The petitioners include the Mississippi Road Builders’ Association, American Subcontractors Association of Texas, Pelican Chapter of Associated Builders and Contractors, Louisiana Associated General Contractors, Associated Masonry Contractors of Texas, Distribution Contractors Association, Mechanical Contractors Associations of Texas, and Texas Association of Builders.

In addition, the group said, affiliated national organizations representing these groups would seek to join the petition.

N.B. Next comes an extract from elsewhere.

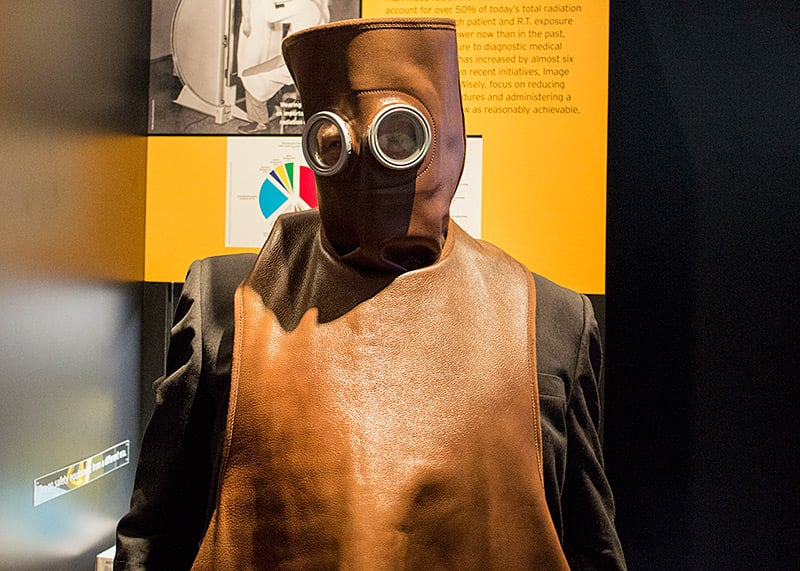 • Dressing up in replicas of vintage radiation protection apparel, including lead-lined leather aprons and “bucket” head gear.
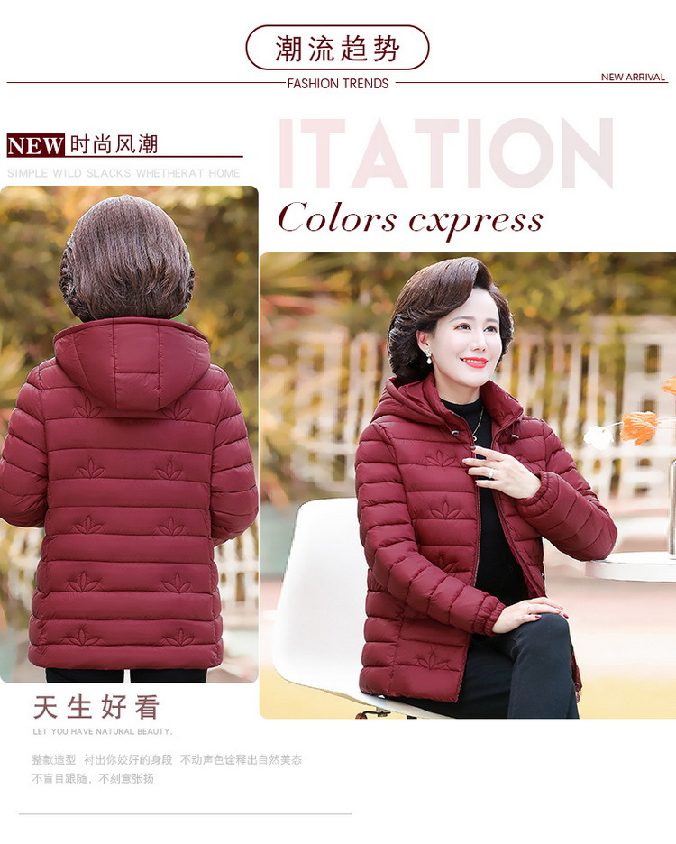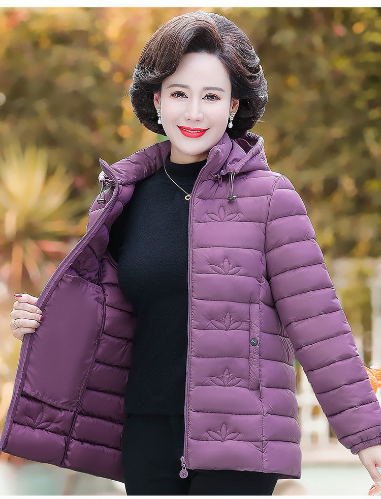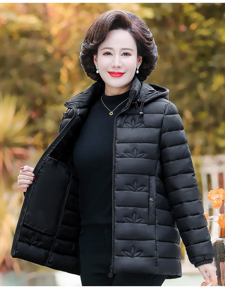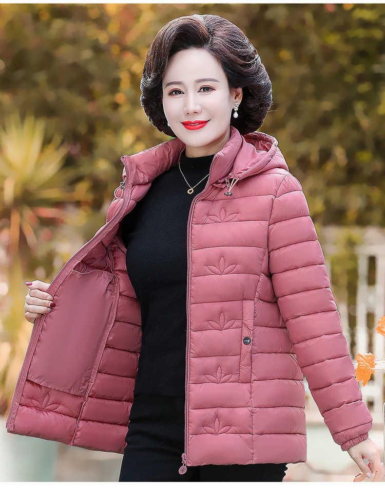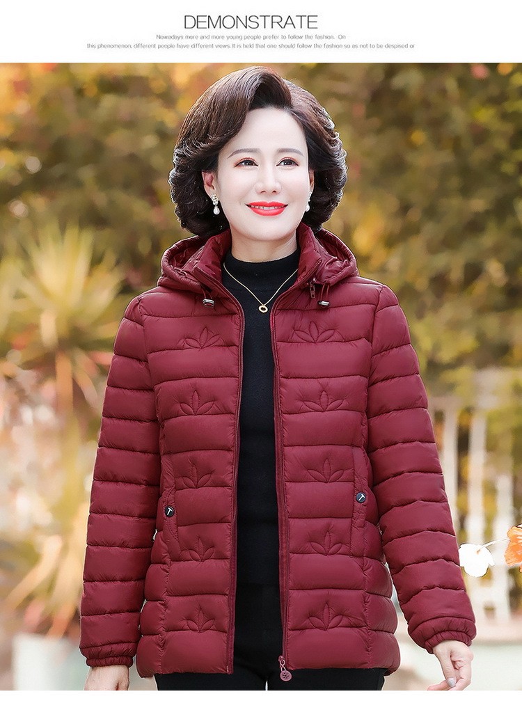 Короткое пальто для мамы с капюшоном и хлопковой подкладкой для женщин среднего возраста, осенне-зимнее пуховое пальто с хлопковой подкладкой для среднего и пожилого возраста, теплая маленькая куртка с хлопковой подкладкой

Organizations representing workers, on the other hand, have applauded the stricter limits. North America’s Building Trade Unions, for example, issued a statement which said, “We believe that the agency has been diligent in its efforts to hear and consider all stakeholders’ input, and done a great job in getting the rule out,” NABTU said in a news release. “It is beyond debate that silica exposure kills construction workers. It causes silicosis – a deadly lung disease – lung cancer, and other diseases. Silica-related diseases cannot be cured, but they can be prevented. Put simply, the OSHA Silica Standard will protect construction workers from getting sick or dying from exposure to silica dust.”

The AFL-CIO also said that it backed the new rules because they would save lives and reduce silica-related illnesses.